Thursday, July 16, 2009


I started playing keyboard in a skater band and got a Harley-Davidson half-sleeve tattoo. Then I was afraid I'd get kicked out of the band because skater chicks can't have Harley-Davidson tattoos. Our coffee table was covered in used, wadded-up Kleenex and supplies to make fake-IDs. But I didn't need a fake ID and neither did anyone else in the house so I don't know why I had that stuff or where it came from. I went to this beautiful hotel with a marble lobby and got shot by an old man using a gun that looked like a set of Lexus keys. I was there with my sister and trying to protect her from getting shot, but she wouldn't run away.
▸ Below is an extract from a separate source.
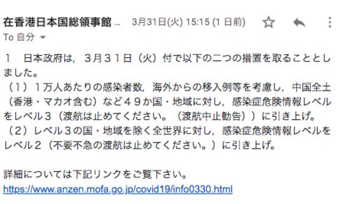 暫くブログをお休みしている間に、 どんどん、どんどん、どんどん、どんどん状況は変わり 2020年3月31日の外務省の感染症危険情報レベルが引き上げられました。 香港在住の方はほとんどの場合、在香港日本国総領事館からのメール案内で 危険レベルの引き上げ…
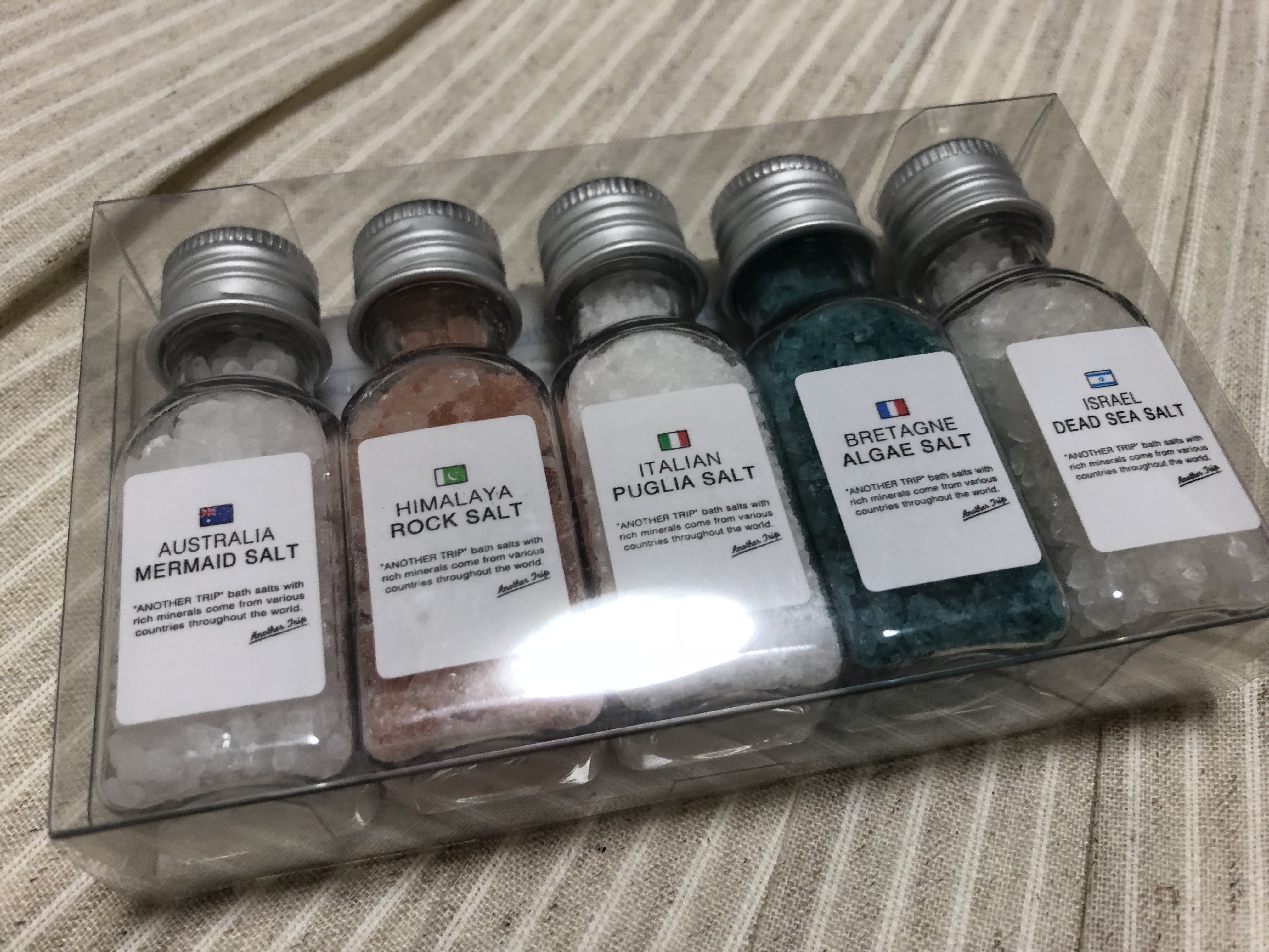 このバスソルトを入れてお風呂に入れば、なんとなくその国に行った気分になれます。笑

This is just a sample of the totally crazy dreams I've been having lately. I can kind of explain the Kleenex and fake ID one. The boys were sick last week and our table was covered in used Kleenex. I felt like I was constantly picking them up and putting them in the trash and reminding the boys to do the same. That same week I was carded at the supermarket for a bottle of wine, and the clerk looked at me and then my ID several times. I've actually had people tell me they thought it was a fake ID because it looks nothing like me (My hair is much longer now and it is just the most odd-looking picture). As far as the band and the Harley-Davidson tattoo and the key gun..... no idea.

There is no point to this post. Well... maybe a little. I was driving to work Tuesday and thinking about how I have terrible writer's block and that I have nothing to write about. And then I thought that I do have things to write about but a lot of them are kind of scary and that I get concerned about putting too much craziness out there for people to read because then they will see that I really am crazy and that it's not just something I say. I guess if I'm going to get over my writer's block, I'm going to have to stop self-censoring so much.

Don't say I didn't warn you.

1 comment:

  1. You can buy wine in a grocery store?! I'm moving to Ohio!